> [THE RECORDS]

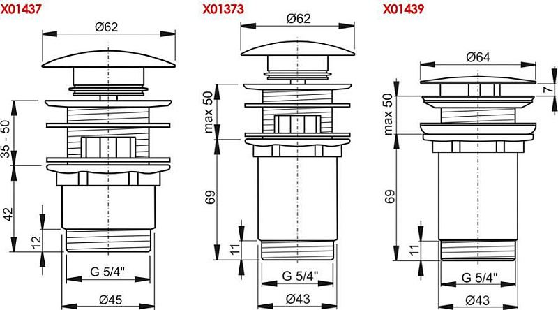Универсальный слив для умывальника ClickClack предназначен для умывальников со сливом диаметром 46 мм
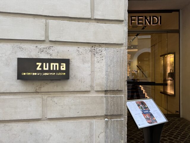 Nello spazio della residenza seicentesca affacciata su via dei Condotti, originariamente appartenuto alla famiglia Ludovisi Boncompagni e noto come Palazzo Fendi, Zuma Roma, prima sede aperta in Italia, porta dal 2016 la cucina dell’izakaya giapponese in una delle cornici più eleganti della città. Luci soffuse, legno naturale e profumi di robata grill disegnano un ambiente alla moda, con la sala con vista sui tetti di Roma e una terrazza panoramica sulla città eterna.
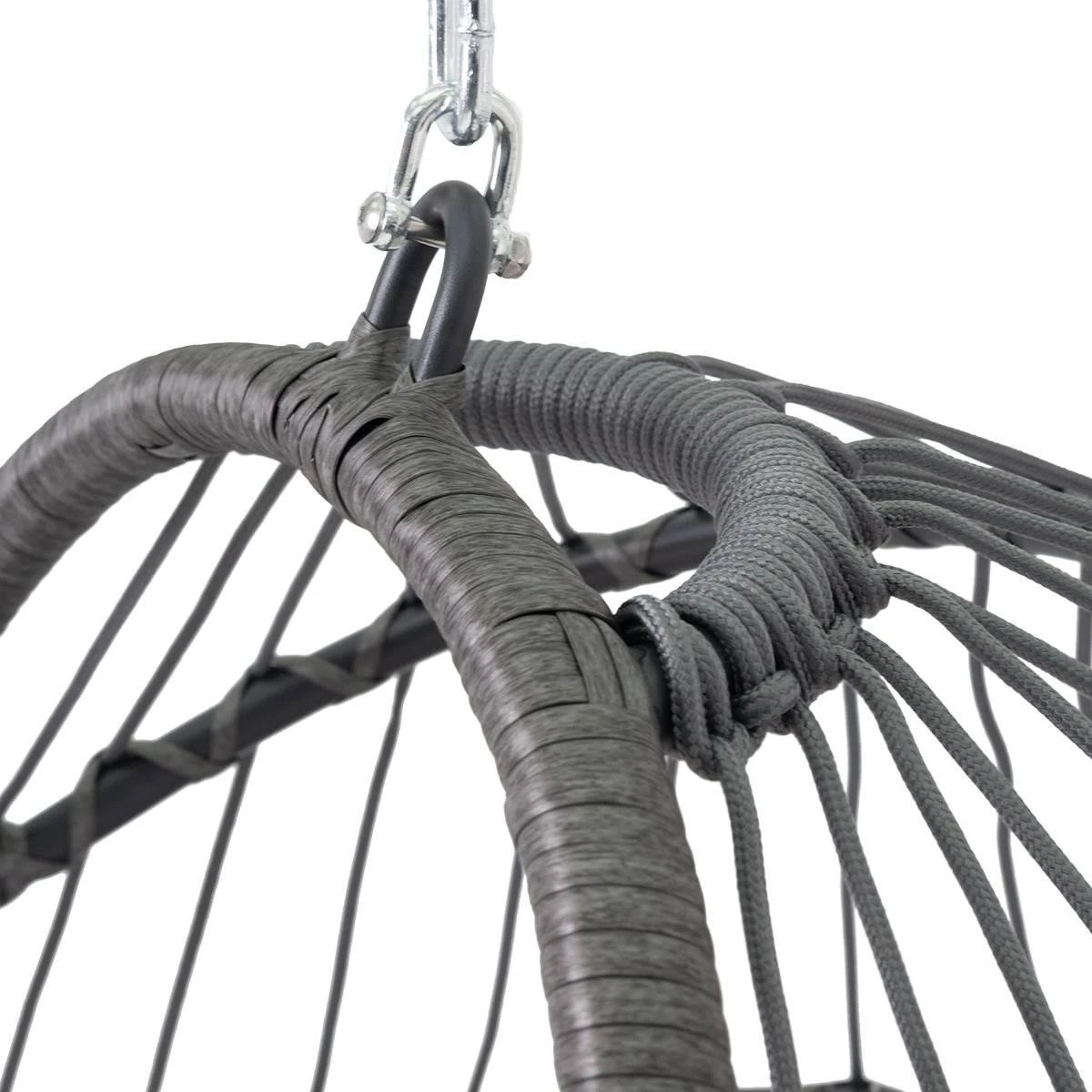 Pro Garden Lowander Hangstoel Egg 191x126x126- Schommelstoel Met Rattan Cocoon En Robuust Stalen Standaard Incl. Kussens – Volledig Inklapbaar – Lichtgrijs
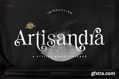 Proudly Present Artisandra - A Display Serif Typeface Artisandra Is a Decorative Stylish Serif Display Typeface That Is Elegant, Classic Yet Modern. It Comes in 2 (Two) Styles (Regular & Italic) and Is Created With Stylistic Alternatives and Ligatures. Combine It and Make Your Perfect Typography Design! Perfect for Your Design Projects Like Logos, Branding, Advertising, Product Designs, Stationery, Magazine Designs, Book/Cover Title Designs, Photography, Art Quotes, Wedding Designs, Fashion Designs, Special Events, Labels, Product Packaging, and More. Features File Includes Have Fun Creating & Designing With Artisandra agnyhasyastudio
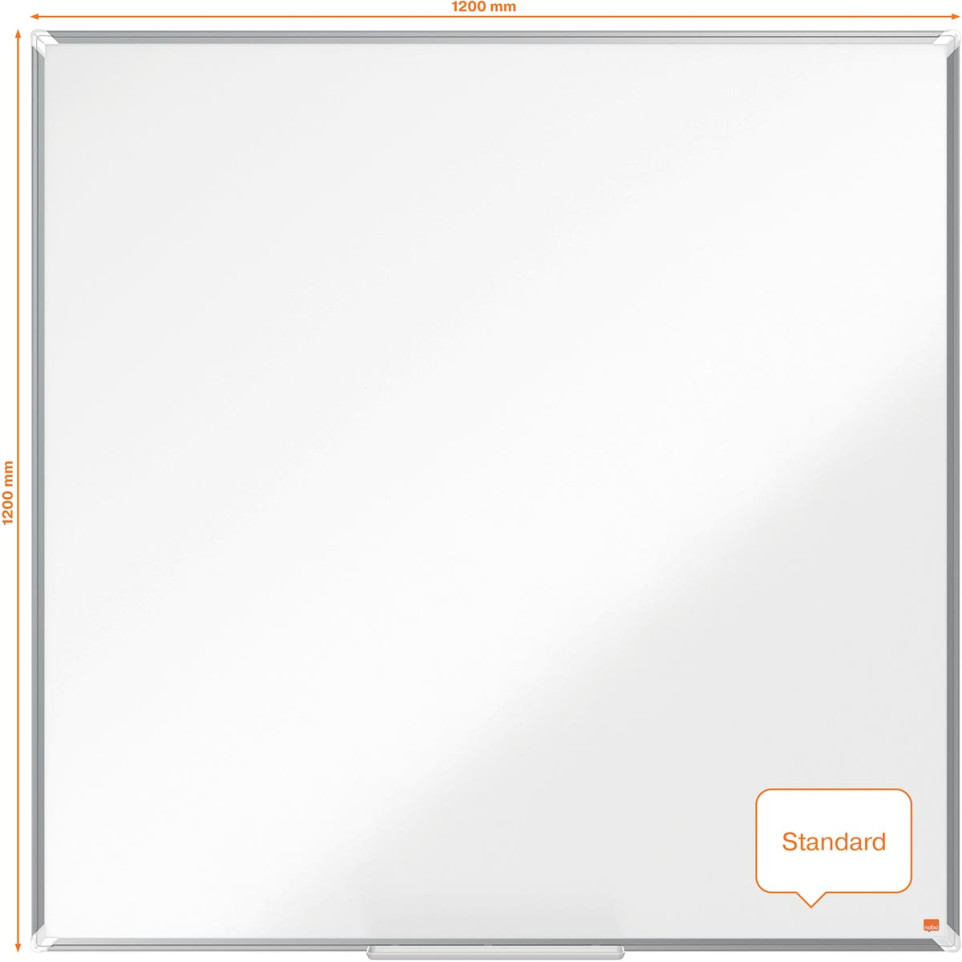 Tableau blanc magnétique Nobo Premium Plus de 120 x 120 cm, idéal pour les espaces collaboratifs, salles de réunion ou établissements scolaires. Il permet d’écrire, d’effacer et d’accrocher des documents à l’aide d’aimants pour un usage polyvalent.

> [TASK INSTRUCTIONS]
Nothing but an exact copy of the data, without its images, should make up your answer.

> [SOLUTION FOR THIS EXERCISE]
Универсальный слив для умывальника ClickClack предназначен для умывальников со сливом диаметром 46 мм
 Nello spazio della residenza seicentesca affacciata su via dei Condotti, originariamente appartenuto alla famiglia Ludovisi Boncompagni e noto come Palazzo Fendi, Zuma Roma, prima sede aperta in Italia, porta dal 2016 la cucina dell’izakaya giapponese in una delle cornici più eleganti della città. Luci soffuse, legno naturale e profumi di robata grill disegnano un ambiente alla moda, con la sala con vista sui tetti di Roma e una terrazza panoramica sulla città eterna.
 Pro Garden Lowander Hangstoel Egg 191x126x126- Schommelstoel Met Rattan Cocoon En Robuust Stalen Standaard Incl. Kussens – Volledig Inklapbaar – Lichtgrijs
 Proudly Present Artisandra - A Display Serif Typeface Artisandra Is a Decorative Stylish Serif Display Typeface That Is Elegant, Classic Yet Modern. It Comes in 2 (Two) Styles (Regular & Italic) and Is Created With Stylistic Alternatives and Ligatures. Combine It and Make Your Perfect Typography Design! Perfect for Your Design Projects Like Logos, Branding, Advertising, Product Designs, Stationery, Magazine Designs, Book/Cover Title Designs, Photography, Art Quotes, Wedding Designs, Fashion Designs, Special Events, Labels, Product Packaging, and More. Features File Includes Have Fun Creating & Designing With Artisandra agnyhasyastudio
 Tableau blanc magnétique Nobo Premium Plus de 120 x 120 cm, idéal pour les espaces collaboratifs, salles de réunion ou établissements scolaires. Il permet d’écrire, d’effacer et d’accrocher des documents à l’aide d’aimants pour un usage polyvalent.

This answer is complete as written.